東京生まれ。4歳よりヴァイオリンを始める。

桐朋学園大学在学中にヴィオラに転向。卒業後、同大学研究生修了。

2009年よりオーストリア、ウィーンに渡る。ウィーン国立音楽大学室内楽科を経て、2013年スイス、ローザンヌ高等音楽院修士課程を最高点で修了。

2015年、同音楽院ソリスト修士課程を修了。

2013年よりオーストリアの古都インスブルックのインスブルック交響楽団にて2年間副首席ヴィオラ奏者を務め、2015年夏帰国。

 

現在はソロ・室内楽奏者としての活動を中心に、

仙台フィルハーモニー交響楽団の首席奏者として客演、

弦楽器・クラシック音楽webマガジン「Web アッコルド(a-cordes.com)」のコラムを執筆するなど、活躍の場を広げている。

 

2005年霧島国際音楽祭にて特別奨励賞、優秀演奏賞受賞。

第6回大阪国際音楽コンクールアンサンブル部門第1位およびラヴェル賞受賞。 2010、2011、2013年とセンメリンクでのウィーン国立音楽大学国際夏期アカデミーにおける全弦楽器を対象とするコンクールにてソリスト賞を受賞。

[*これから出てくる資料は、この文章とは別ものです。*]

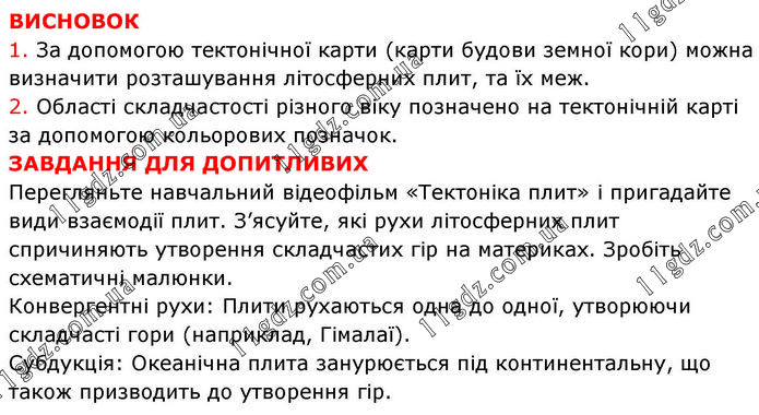 ВИСНОВОК 1. За допомогою тектонічної карти (карти будови земної кори) можна визначити розташування літосферних плит, та їх меж. 2. Області складчастості різного віку позначено на тектонічній карті за допомогою кольорових позначок. ЗАВДАННЯ ДЛЯ ДОПИТЛИВИХ Перегляньте навчальний відеофільм «Тектоніка плит» і пригадайте види взаємодії плит. З’ясуйте, які рухи літосферних плит спричиняють утворення складчастих гір на материках. Зробіть схематичні малюнки. Конвергентні рухи: Плити рухаються одна до одної, утворюючи складчасті гори (наприклад, Гімалаї). Субдукція: Океанічна плита занурюється під континентальну, що також призводить до утворення гір.
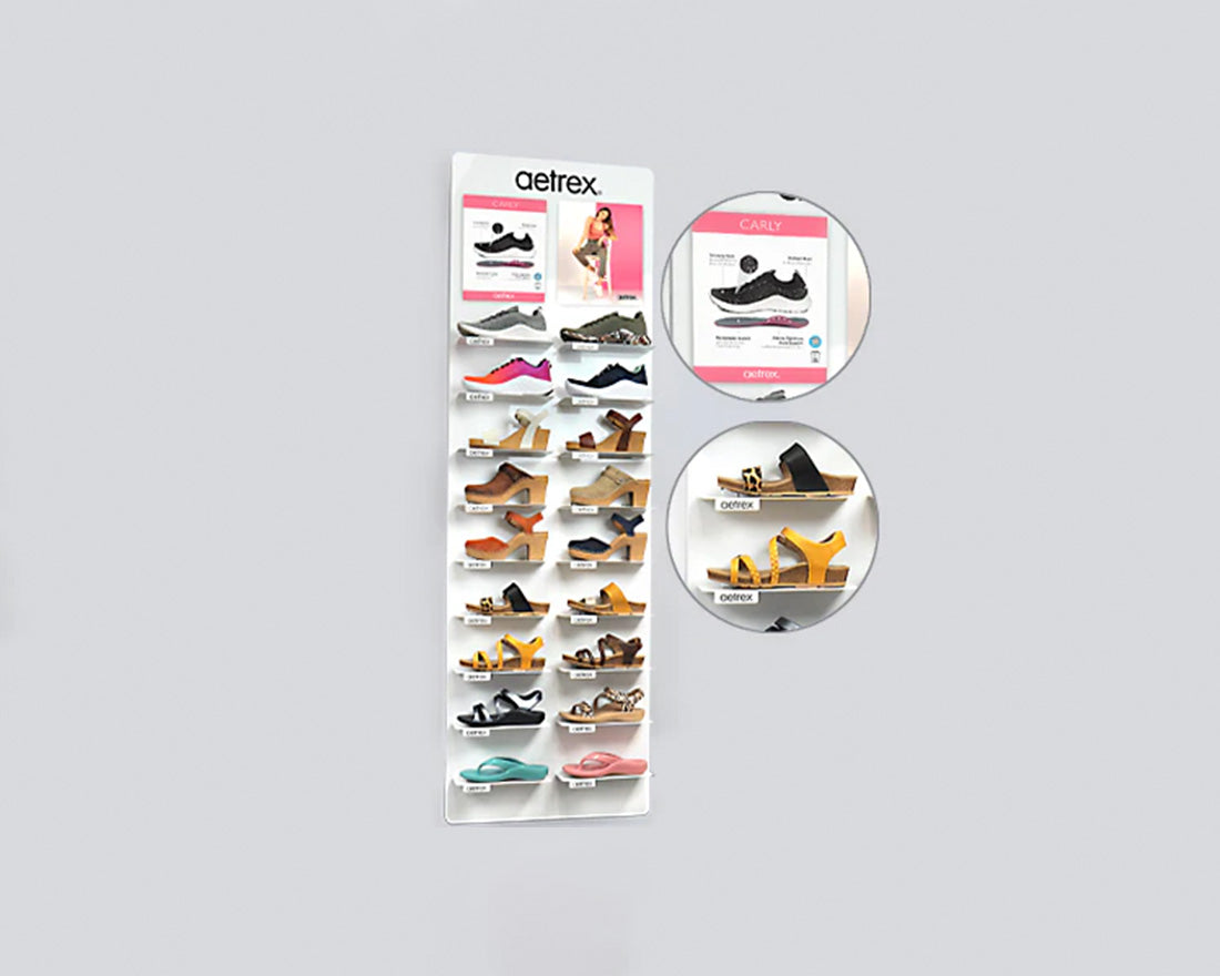 Enhance your footwear presentation with our clean white slatwall panel, designed to showcase 18-22 shoes. This display includes two slatwall sign holders to highlight the Aetrex difference, along with graphics and shoe shelves for added visual impact.

2011年バーデンバーデンのカール・フレッシュアカデミーにて、バーデンバーデン管弦楽交響楽団とバルトークのヴィオラ協奏曲を共演、特別賞を受賞。

2011年よりカメラータ・デ・ローザンヌのメンバーとして、ピエール・アモイヤル氏と共に、スイス、フランス、トルコ、ロシアの各地で多数の公演を行う。

またこれまでにアライアンス・カルテット、ルーキス・カルテットのメンバーとしてオーストリア、ハンガリーを中心に公演を行う。

 

2014年、バンベルク交響楽団にて首席ヴィオラ奏者として客演。

2015年、ローザンヌ室内管弦楽団とマルティヌーのラプソディー協奏曲を共演。

同年夏、モントルージャズフェスティバルに出演。

 

クラシック音楽のみならず、幅広いジャンルで活躍。 世界的なヴェルビエ国際音楽祭にて、アマチュアの人たちの室内楽のレッスンにあたるなど、指導者としても活動を始めている。 ヴァイオリンを篠崎功子氏、ヴィオラを店村眞積氏、ジークフリード・フューリンガー氏、今井信子氏、ギラッド・カルニ氏、室内楽を、東京カルテット、ヨハネス・マイスル氏に師事。その他国内外にて多数のマスタークラスを受講。

 

http://www.mariadachi.com

 

https://twitter.com/AdachiViola

 

https://www.facebook.com/mari.adachi.viola

 

聡明な解釈と美しい音による豊かな表現。彼女はアーティスティックな才能を持っている。』

——ギラッド・カルニ(ローザンヌ高等音楽院教授、チューリッヒ・トーンハレ管弦楽団首席ヴィオラ奏者)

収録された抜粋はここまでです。